__DATA FOR REVIEW__.

☆ ☆ ☆ ☆ ☆ ☆ ☆

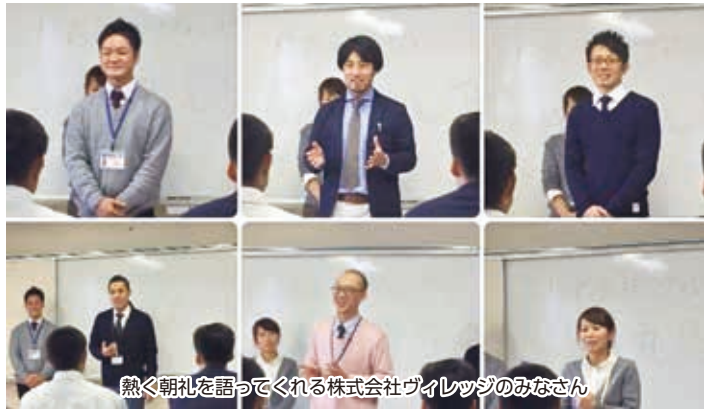
熱く朝礼を語ってくれる株式会社ヴィレッジのみなさん
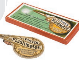
ザ・ピストル・ フラッシュメーター/ 製作者・制作年不詳
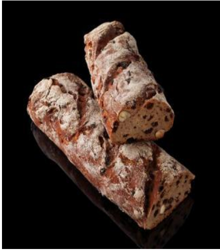
Pain de seigle aux fruits secs
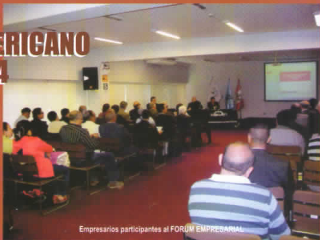
Empresarios participantes al FORUM EMPRESARIAL

Apemipe - Perú, Apemipe Cusco y Apemipe Tambopata - Madre de Dios, convocan a los empresarios de la micro, pequeña y mediana empresa a participar en este importante evento, a llevarse a cabo en el primer semestre del 2014 en la ciudad del Cusco.
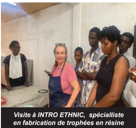
Visite à INTRO ETHNIC, spécialiste en fabrication de trophées en résine

Les stagiaires de l'École Ivoirienne de Bijouterie et des Métiers Annexes (EIBMA) ont démontré leur dévouement lors des stages liés à la Coupe d'Afrique des Nations 2023. Leurs activités variées et enrichissantes illustrent leur engagement continu dans le domaine de la bijouterie.
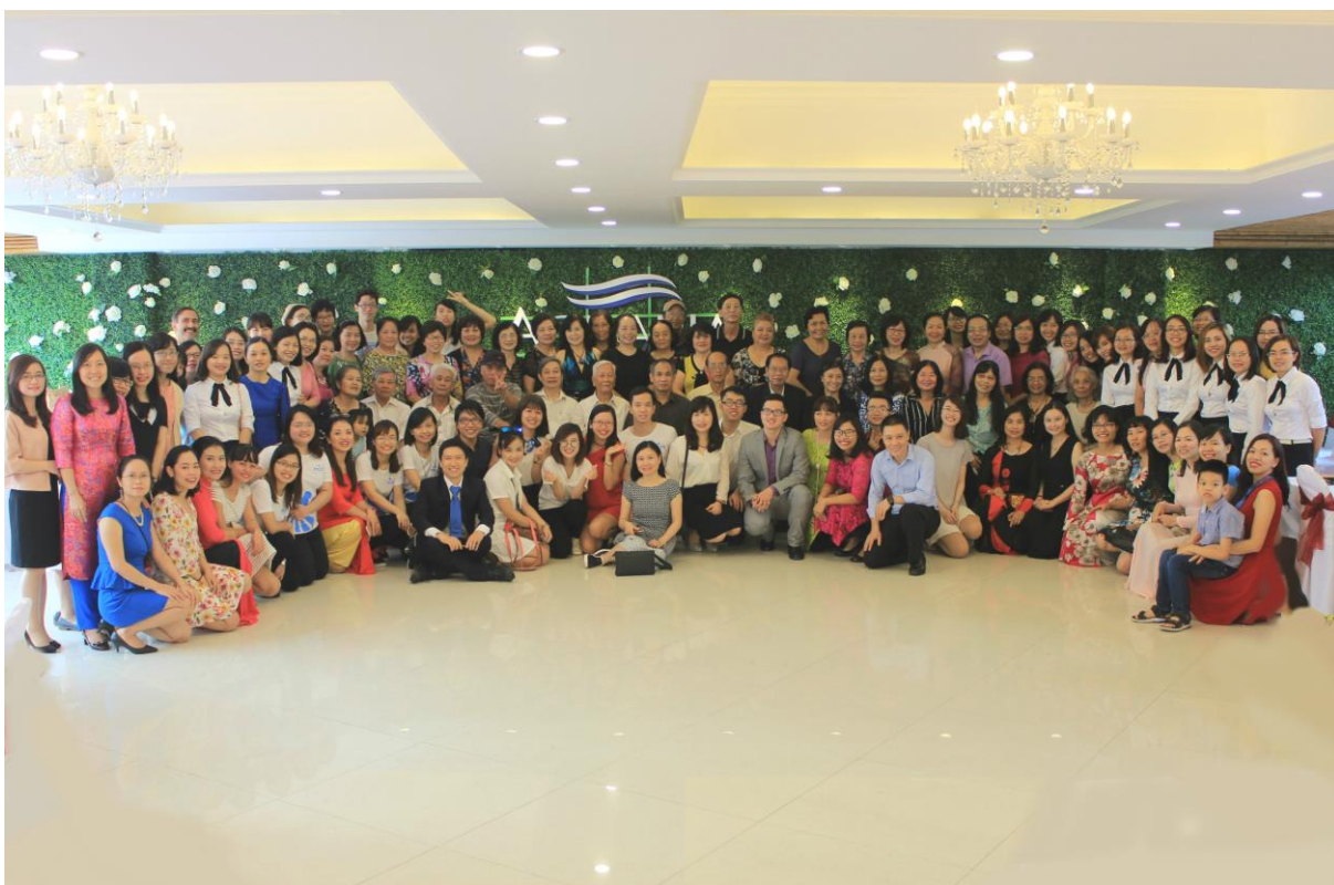
Các thế hệ giảng viên Khoa Sư phạm tiếng Anh

Tiền thân của Khoa Sư phạm tiếng Anh là phân Khoa Anh Văn được thành lập vào năm 1958, một trong những khoa đào tạo tiếng Anh lâu đời nhất ở Việt Nam. Từ khoá đầu tiên chỉ có 04 giảng viên và 09 sinh viên, nay Khoa đã có hơn 130 giảng viên và đào tạo hơn 2.000 sinh viên mỗi năm.
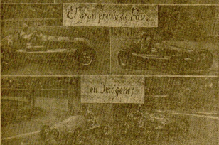
El gran premio de Pau en sus días de gloria. En la imagen, el Sr. Donostiarra con el Sr. Barthelemy y el Sr. Barthelemy con el Sr. Donostiarra.

Buenas impresiones... si hay dinero y se descubre un adecuado escenario Para comenzar una entrevista, los dos entre los que se cuentan ha sido el donostiarra, el Sr. Donostiarra, que ha viajado a Madrid para expresar sus deseos de que se realice un gran campeonato de coches en el País Vasco. Donostiarra, que ha viajado a Madrid para expresar sus deseos de que se realice un gran campeonato de coches en el País Vasco. Donostiarra, que ha viajado a Madrid para expresar sus deseos de que se realice un gran campeonato de coches en el País Vasco.

☆ ☆ ☆ ☆ ☆ ☆ ☆

__EXERCISE GOAL__. Include the first line of the records, the line containing "El gran premio", and every line between them, repeated exactly. Skip the pictures.

__EXERCISE ANSWER__.
熱く朝礼を語ってくれる株式会社ヴィレッジのみなさん
ザ・ピストル・ フラッシュメーター/ 製作者・制作年不詳
Pain de seigle aux fruits secs
Empresarios participantes al FORUM EMPRESARIAL

Apemipe - Perú, Apemipe Cusco y Apemipe Tambopata - Madre de Dios, convocan a los empresarios de la micro, pequeña y mediana empresa a participar en este importante evento, a llevarse a cabo en el primer semestre del 2014 en la ciudad del Cusco.
Visite à INTRO ETHNIC, spécialiste en fabrication de trophées en résine

Les stagiaires de l'École Ivoirienne de Bijouterie et des Métiers Annexes (EIBMA) ont démontré leur dévouement lors des stages liés à la Coupe d'Afrique des Nations 2023. Leurs activités variées et enrichissantes illustrent leur engagement continu dans le domaine de la bijouterie.
Các thế hệ giảng viên Khoa Sư phạm tiếng Anh

Tiền thân của Khoa Sư phạm tiếng Anh là phân Khoa Anh Văn được thành lập vào năm 1958, một trong những khoa đào tạo tiếng Anh lâu đời nhất ở Việt Nam. Từ khoá đầu tiên chỉ có 04 giảng viên và 09 sinh viên, nay Khoa đã có hơn 130 giảng viên và đào tạo hơn 2.000 sinh viên mỗi năm.
El gran premio de Pau en sus días de gloria. En la imagen, el Sr. Donostiarra con el Sr. Barthelemy y el Sr. Barthelemy con el Sr. Donostiarra.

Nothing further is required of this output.